The functions developed in this study exhibit superior precision in estimating the friction factor compared to the methods of Churchill (1977 [14] and 1973 [28]), Haaland, Barr, Swamee and Jain, and Pavlov. Of the 240 test cases, the Churchill B(V,ε) function demonstrates higher accuracy in 79% of cases compared to the Churchill [14] and Churchill [28] methods, 88% compared to Haaland, 73% compared to Barr method, 78% compared to Swamee and Jain method, and 77% compared to Pavlov. Similarly, the Churchill B(Re) function is more accurate in 83% of the cases compared to Churchill [14], 84% compared to Churchill [28], 83% compared to Haaland, Barr, and Swamee and Jain, and 80% compared to Pavlov.
The proposed Churchill B(Re) and Churchill B(V,ε) models demonstrate significantly improved accuracy compared to the original Churchill equation, with mean relative errors (MRE) of 0.025% and 0.807%, respectively, and mean absolute errors (MAE) of 0.0008% and 0.0154%, respectively. The Churchill B(Re) model shows higher accuracy across a range of roughness values, making it more reliable for precise friction-factor calculations. The Churchill B(Re) function demonstrates superior precision compared to Churchill B(V,ε). The Churchill B(Re) model shows higher accuracy across a range of roughness values, making it more reliable for precise friction factor calculations. Notably, dividing the average relative error of Churchill B(V,ε) by that of Churchill B(Re) yields an overall ratio of 32.41, indicating that Churchill B(Re) is significantly more precise. Specifically, for an epsilon of 0.0015, Churchill B(Re) is 22.08 times more precise than Churchill B(V,ε), and for an epsilon of 0.5000, Churchill B(Re) is 43.32 times more precise. The trade-off for this accuracy is greater computational complexity, as it requires the consideration of multiple factors derived from tables or regression functions specific to roughness.
Conversely, the Churchill B(V,ε) function, while easier to implement due to its reliance solely on velocity and roughness, sacrifices some degree of precision. This is especially noticeable under conditions of high roughness, where it results in higher relative errors compared to the Churchill B(Re) function.
The development of simple and accurate explicit equations, such as the one presented in this review study, facilitates the calculations involved in internal flow engineering applications related to pressure loss. Additionally, this simplification also has an educational value by allowing chemical, hydraulic, or pressure flow engineering students to understand and effectively apply concepts related to the friction factor in practical situations.
While the Churchill B(V,ε) function offers significant educational and computational advantages, the Churchill B(Re) function stands out for its higher precision. This dual insight provides a comprehensive understanding of the trade-offs involved, guiding the selection of the appropriate model based on the specific requirements of the hydraulic system being analyzed. This study thus contributes valuable knowledge to both the academic–scientific community and practicing engineers, introducing new equations for the explicit estimation of the friction factor and enhancing the understanding and application of fluid flow concepts in piping systems.
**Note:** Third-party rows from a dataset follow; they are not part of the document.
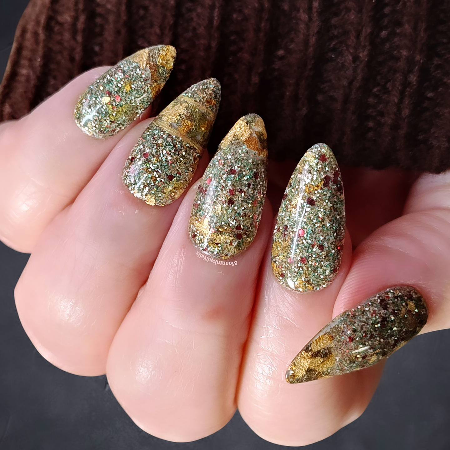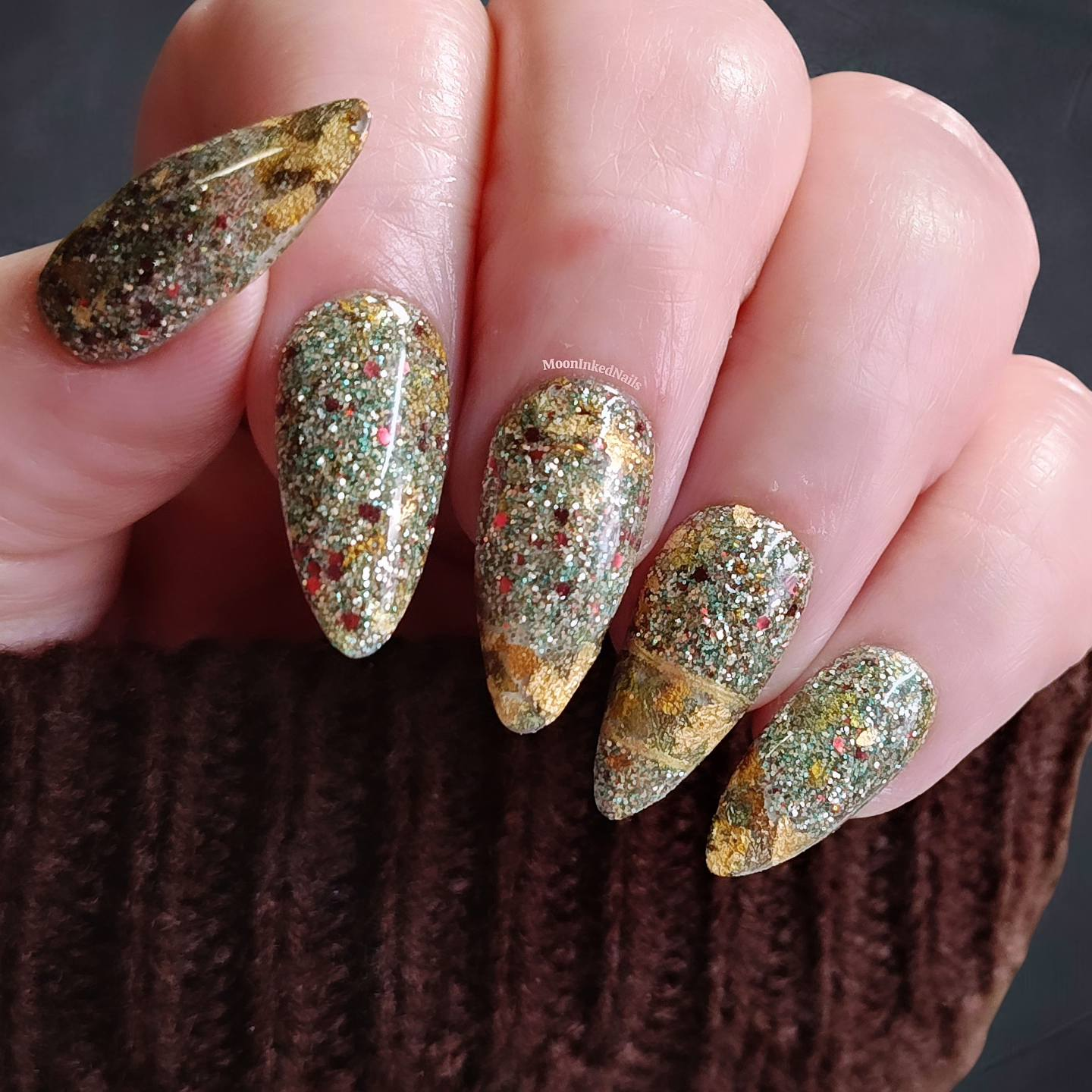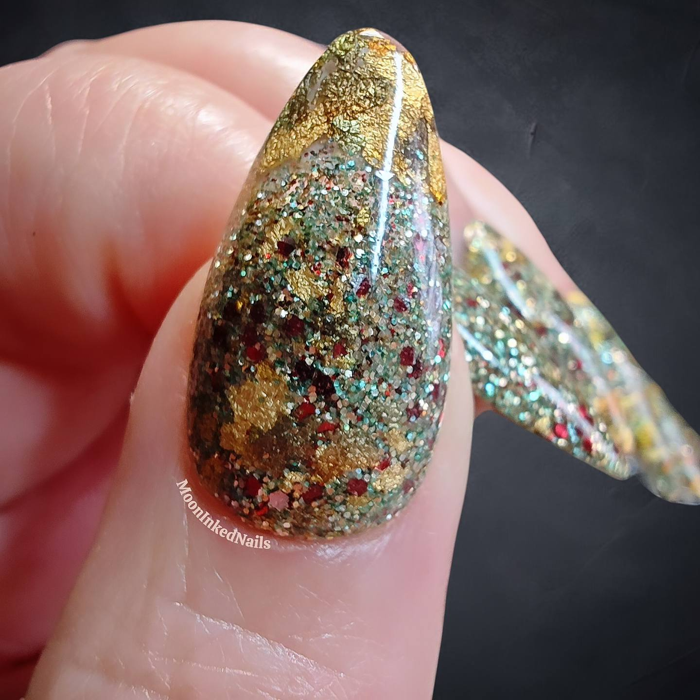 Lady Six Sky: LIght gold with hints of copper and blue foils with soft jade and reddish brown glitters. These colors are pulled from Mayan burial masks and pottery. A powerful warrior Queen of the Maya, Lady Ik Wak Chan Ajaw was also known as Lady Six Sky. She launched and won several military campaigns expanding territory and protecting her people.(Matching colors - Chica Cherry Cola & Free Spirit) Don't forget to fight for you and "your" people.
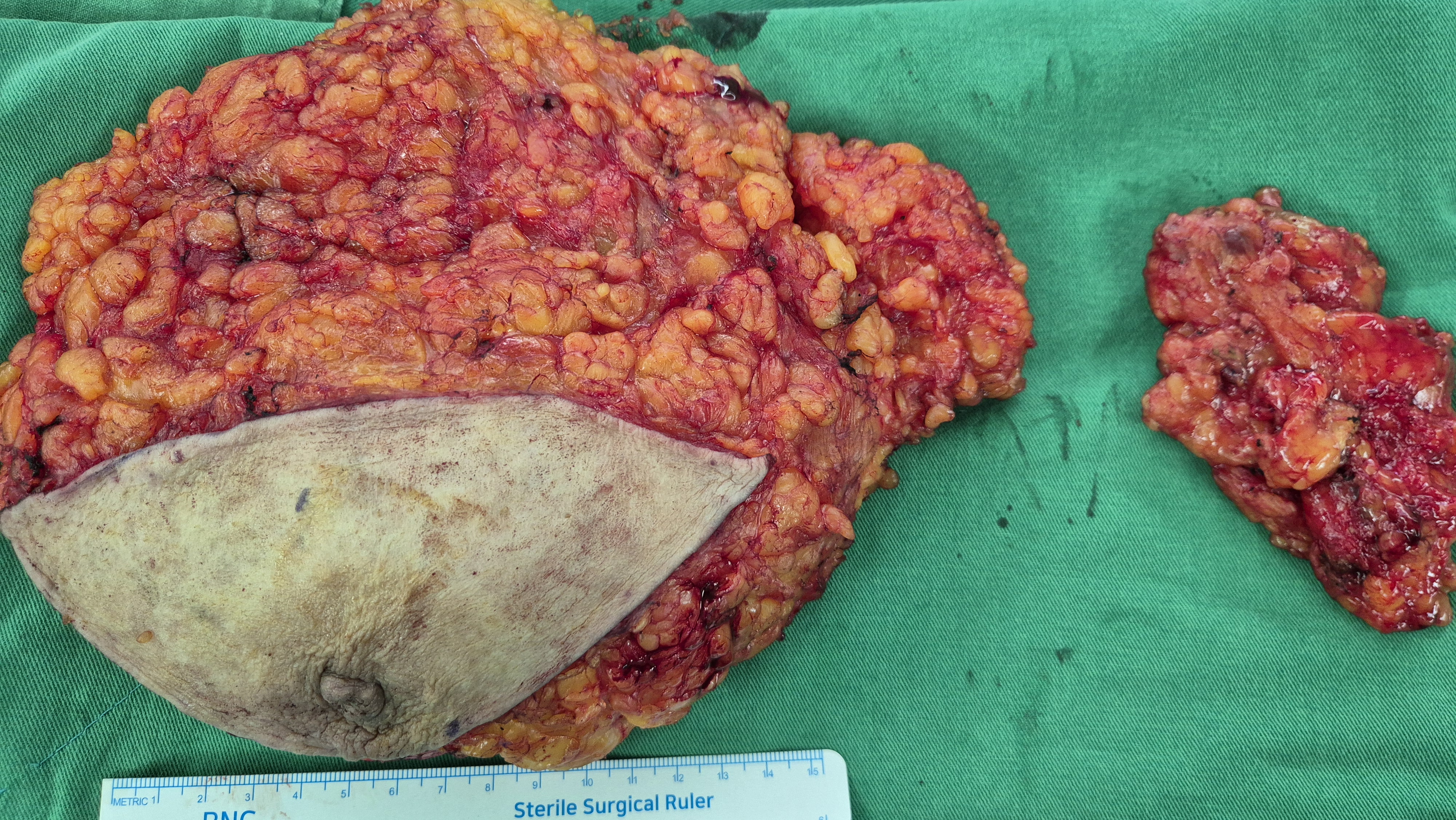 겨드랑이 림프절 전이도 의심되어 좌측 유방전절제 및 겨드랑이림프절 곽청술을 함께 시행했습니다.
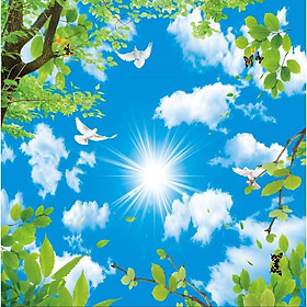 Tranh 3d dán tường trần nhà cảnh trời mây phòng khách

5.1. Limitations of the Study

This study offers valuable insights into the improved precision of the Churchill B(V,ε) and Churchill B(Re) functions for friction-factor estimation. However, some limitations should be considered when interpreting the results:

5.1.1. Sample Size and Flow Conditions

The analysis relied on a dataset of 240 cases, which were validated through 21,000 experiments. This can be considered relatively small compared to the vast spectrum of flow conditions encountered in real-world engineering applications.
This limitation restricts the generalizability of the findings to the entire potential scenarios.

5.1.2. Fluid Properties

The current study focused solely on incompressible fluids. However, the impact of fluid compressibility on the friction factor can be significant in high-pressure or high-velocity applications. Additionally, non-Newtonian fluids (fluids that do not exhibit a constant viscosity) were not considered.

5.1.3. Comparison Scope

This study compared the Churchill B(V,ε) and Churchill B(Re) functions with six commonly used methods. While valuable, this might be a limited number for a comprehensive evaluation.

5.2. Future Work

The present study offers valuable insights into the Churchill B(V,ε) and Churchill B(Re) functions, paving the way for further research to enhance its understanding and applicability. Here are some promising directions for future exploration:

5.2.1. Expand the Dataset and Flow Conditions

A comprehensive review of existing literature could identify a broader range of flow conditions, including variations in pipe diameter, roughness, Reynolds number, and fluid properties. Utilizing this expanded dataset would allow for a re-evaluation of the Churchill B(V,ε) and Churchill B(Re) function’s performance and assessment of its generalizability to a wider spectrum of real-world scenarios.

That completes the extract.